The seasonally adjusted data reported by the Mortgage Bankers Association Delinquency Survey for the third quarter show a slight decrease in the delinquency rate on one-to-four unit residential properties to 7.99%, down 45 basis points from the previous quarter and 114 bps from the same quarter in 2010.
It marks the lowest level since the fourth quarter of 2008. If, however, the delinquency rate is not adjusted, it climbs to 8.2%, up from 8.11% during the second quarter.
Similarly, the combined percentage of loans at least one payment past due or in foreclosure was 12.63% on a non-seasonally adjusted basis, up 9 bps from 2Q11, down 115 bps from 3Q10.
“We are not out of the woods yet,” cautioned MBA's VP of research and economics, Michael Fratantoni, upon the release of the report. Foreclosure data indicate “the issues continue to vary by geography” as different trends drove this quarter's change for the better in the delinquency picture.
Fratantoni reiterated, “although at a slow pace” continued improvements in the better-performing states will depend on the overall economy and the job market. The current pace of improvement indicates the market is “three to four years away from getting back to that more typical level of seriously delinquent loans,” he said during a conference call.
Expectations are based on statistics showing mortgage banks “haven't made a real subprime loan since 2007,” said Joel Kan, MBA's director of economic forecasting, so all the subprime loans that appear in the data are older loans. These loans, that represent about 24% of all loans, reached their peak default rate in 2009.
Analysts are also watching the mixed performance of FHA loans, which improved if one looks at the seasonally adjusted set of data and deteriorated if the data is not seasonally adjusted.
Keefe, Bruyette & Woods analysts also called the findings “modestly positive” noting the unadjusted raw data showed a 35-40 bp quarter increase in total delinquencies was “below the typical 3Q seasonal increase.”
Analysts worry, however, that the increase was driven by FHA loans.

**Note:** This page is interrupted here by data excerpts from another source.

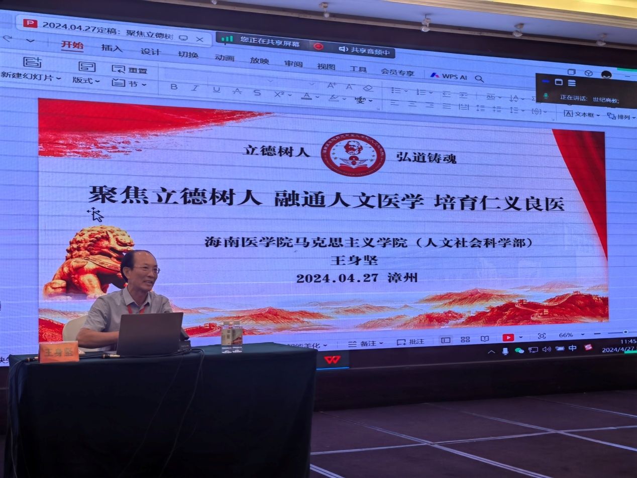 我院党总支书记王身坚应邀参加会议,并在会上作了题为《聚焦立德树人 融通人文医学 培育仁义良医》的发言,分享了taptap点点马院思政课建设理念和实践案例。同时,王身坚书记诚挚欢迎与会优秀青年才俊和更多高层次人才加盟海南医学院马院,共同努力、共同成长、共同发展,为海南自贸港建设、海南医学院的高质量发展添砖加瓦。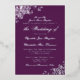 Cette belle faire-part de mariage dégage une élégance classique. Le design traditionnel comprend une impression de papier peint réel sur un arrière - plan couleur prune violet. La typographie comprend des lettres en dentelle argentée, et il y a des boucles et des tourbillons décoratifs ornés dans les coins. Le libellé est formel, le mariage étant accueilli par les parents de la mariée. Elégante, élégante, sophistiquée et chic, cette invitation est une merveilleuse façon d'invitation vos amis et votre famille pour partager votre joie lors de votre journée spéciale!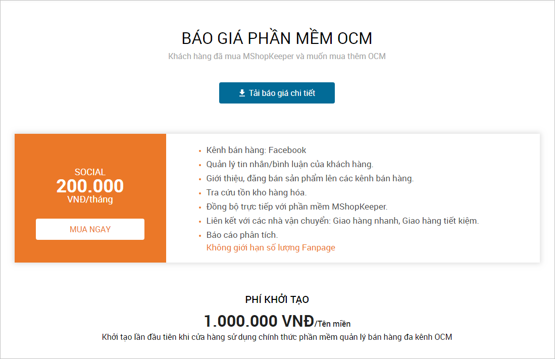 Với khách hàng chưa sử dụng phần mềm MShopKeeper, có thể đặt mua gói phần mềm MShopKeeper +OCM như sau: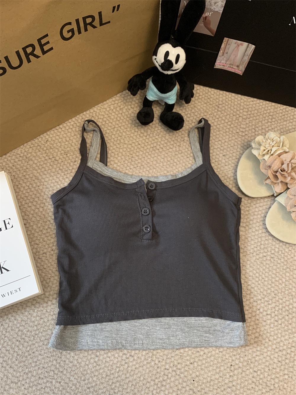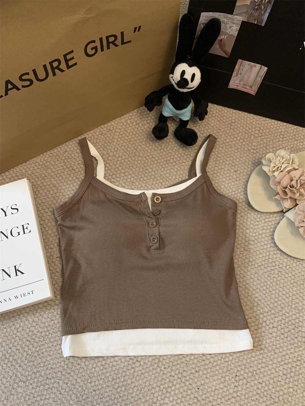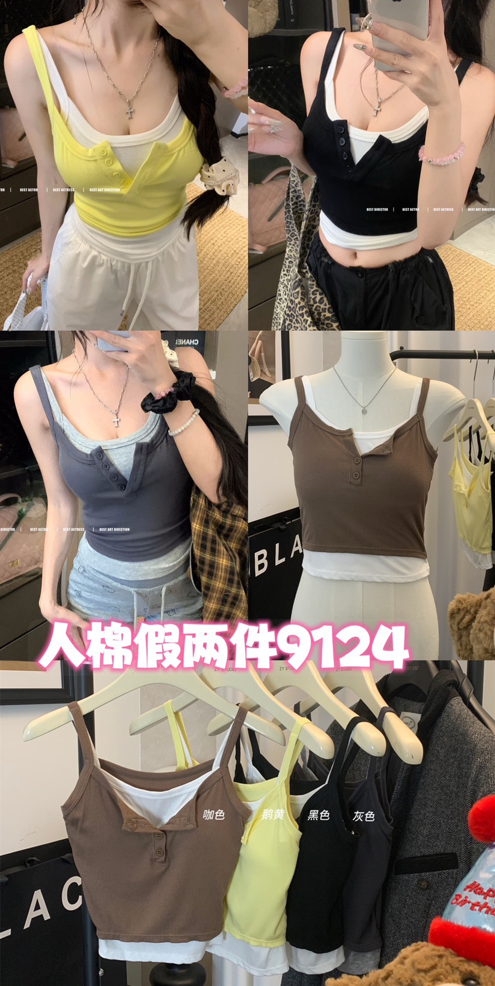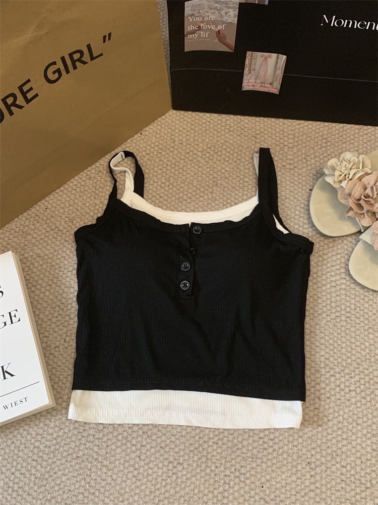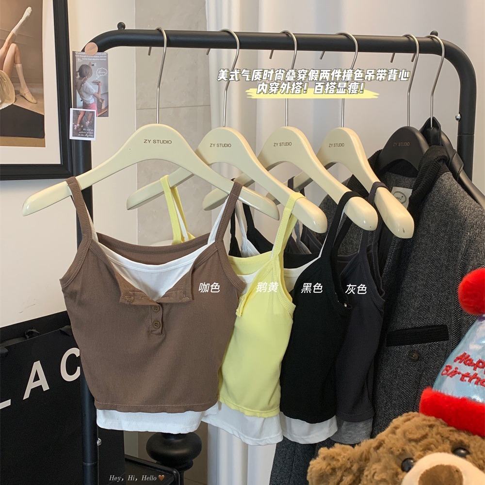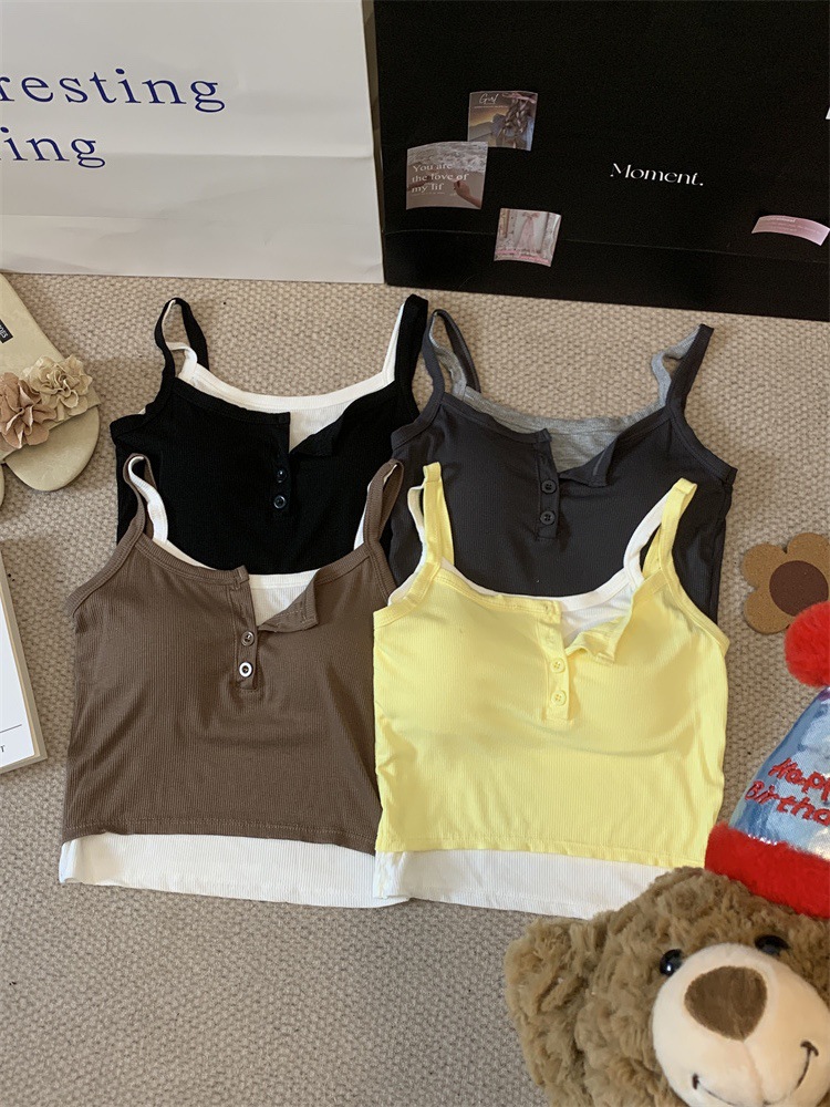 假两件撞色吊带背心美式辣妹纽扣设计带胸垫修身短款露脐外穿上衣

Seasonally adjusted FHA delinquency rates decreased 53 bps to 12.09% from 12.62%, while unadjusted delinquencies increased to 12.66% from 12.13% and to 15.93% from 15.37% after including loans in foreclosure. Even though the increase may “reflect normal seasoning of the portfolio,” they wrote, since in 2010 as delinquencies fell the FHA loans outstanding grew very sharply, the moderation in FHA loan growth this quarter “will result in further increases in delinquency rates as the portfolio seasons.”
It still is a challenge to assess the real number of the total number of delinquencies and foreclosures. Over the past couple of years due to “very active loss mitigation” measures taken, in many cases foreclosures where started and stopped multiple times, Fratantoni said, making it difficult to number the households that have been impacted.
What is clear is that when it comes to the seriously delinquent loan rate, the market is “in the downhill side of the mountain,” Fratantoni said. But while the MBA anticipates “continued, moderate” overall economic and job growth through 2012, it may not be fast enough to bring the unemployment rate further down from the 9% average that it is today.
In 2012, same as during the third quarter, at least “another quarter or two” may similarly feature significant transfers of loans from the 90 days or more delinquent category into foreclosure. If job growth expectations come true, Fratantoni said, “These problem loan categories are to continue to decline.”
The number of loans 90+ days delinquent peaked at 5% and has now dropped to 3.5%, which is another 2.5% higher than “the quote unquote normal range of 1%,” he said.